The ARM PMU(Performance Monitor Unit) provide useful information for debugging and performance profiling for ARM based platform and the driver is already included in linux kernel. This session is focus on how to enable the PMU support for RZ/G2L platform.
In kernel-source/arch/arm64/boot/dts/renesas/r9a07g044l2.dtsi, please add the below arm-pmu node in the RZ/G2L device tree.
arm-pmu {
compatible = "arm,armv8-pmuv3";
interrupt-parent = <&gic>;
interrupts = <GIC_SPI 11 IRQ_TYPE_LEVEL_HIGH>,
<GIC_SPI 12 IRQ_TYPE_LEVEL_HIGH>;
interrupt-affinity = <&a55_0>, <&a55_1>;
};
To enable the ARM PMU driver is needed for the PMU support, please make sure the 2 kernel config is included in kernel configuration.
CONFIG_PERF_EVENTS
CONFIG_ARM_PMU
In build/conf/local.conf, Please install the perf command to the image
IMAGE_INSTALL_append += " perf"
root@smarc-rzg2l:~# perf
usage: perf [--version] [--help] [OPTIONS] COMMAND [ARGS]
The most commonly used perf commands are:
annotate Read perf.data (created by perf record) and display annotated code
archive Create archive with object files with build-ids found in perf.data file
bench General framework for benchmark suites
buildid-cache Manage build-id cache.
buildid-list List the buildids in a perf.data file
c2c Shared Data C2C/HITM Analyzer.
config Get and set variables in a configuration file.
data Data file related processing
diff Read perf.data files and display the differential profile
evlist List the event names in a perf.data file
ftrace simple wrapper for kernel's ftrace functionality
inject Filter to augment the events stream with additional information
kallsyms Searches running kernel for symbols
kmem Tool to trace/measure kernel memory properties
kvm Tool to trace/measure kvm guest os
list List all symbolic event types
lock Analyze lock events
mem Profile memory accesses
record Run a command and record its profile into perf.data
report Read perf.data (created by perf record) and display the profile
sched Tool to trace/measure scheduler properties (latencies)
script Read perf.data (created by perf record) and display trace output
stat Run a command and gather performance counter statistics
test Runs sanity tests.
timechart Tool to visualize total system behavior during a workload
top System profiling tool.
probe Define new dynamic tracepoints
trace strace inspired tool
See 'perf help COMMAND' for more information on a specific command.

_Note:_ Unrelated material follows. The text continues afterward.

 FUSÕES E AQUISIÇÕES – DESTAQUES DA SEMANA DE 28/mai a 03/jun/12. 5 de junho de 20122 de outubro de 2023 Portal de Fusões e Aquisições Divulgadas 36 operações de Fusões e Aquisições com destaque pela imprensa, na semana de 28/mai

root@smarc-rzg2l:~# perf list
List of pre-defined events (to be used in -e):
branch-instructions OR branches [Hardware event]
branch-misses [Hardware event]
bus-cycles [Hardware event]
cache-misses [Hardware event]
cache-references [Hardware event]
cpu-cycles OR cycles [Hardware event]
instructions [Hardware event]
stalled-cycles-backend OR idle-cycles-backend [Hardware event]

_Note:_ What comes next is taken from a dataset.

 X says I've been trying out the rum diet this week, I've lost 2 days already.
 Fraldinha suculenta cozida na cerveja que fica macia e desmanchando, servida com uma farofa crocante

stalled-cycles-frontend OR idle-cycles-frontend [Hardware event]
alignment-faults [Software event]
bpf-output [Software event]
context-switches OR cs [Software event]
cpu-clock [Software event]
cpu-migrations OR migrations [Software event]
dummy [Software event]
emulation-faults [Software event]
major-faults [Software event]
minor-faults [Software event]
page-faults OR faults [Software event]
task-clock [Software event]
L1-dcache-load-misses [Hardware cache event]
L1-dcache-loads [Hardware cache event]
L1-dcache-store-misses [Hardware cache event]
L1-dcache-stores [Hardware cache event]
L1-icache-load-misses [Hardware cache event]
L1-icache-loads [Hardware cache event]
branch-load-misses [Hardware cache event]
branch-loads [Hardware cache event]
dTLB-load-misses [Hardware cache event]
dTLB-loads [Hardware cache event]
iTLB-load-misses [Hardware cache event]
iTLB-loads [Hardware cache event]
armv8_pmuv3/br_immed_retired/ [Kernel PMU event]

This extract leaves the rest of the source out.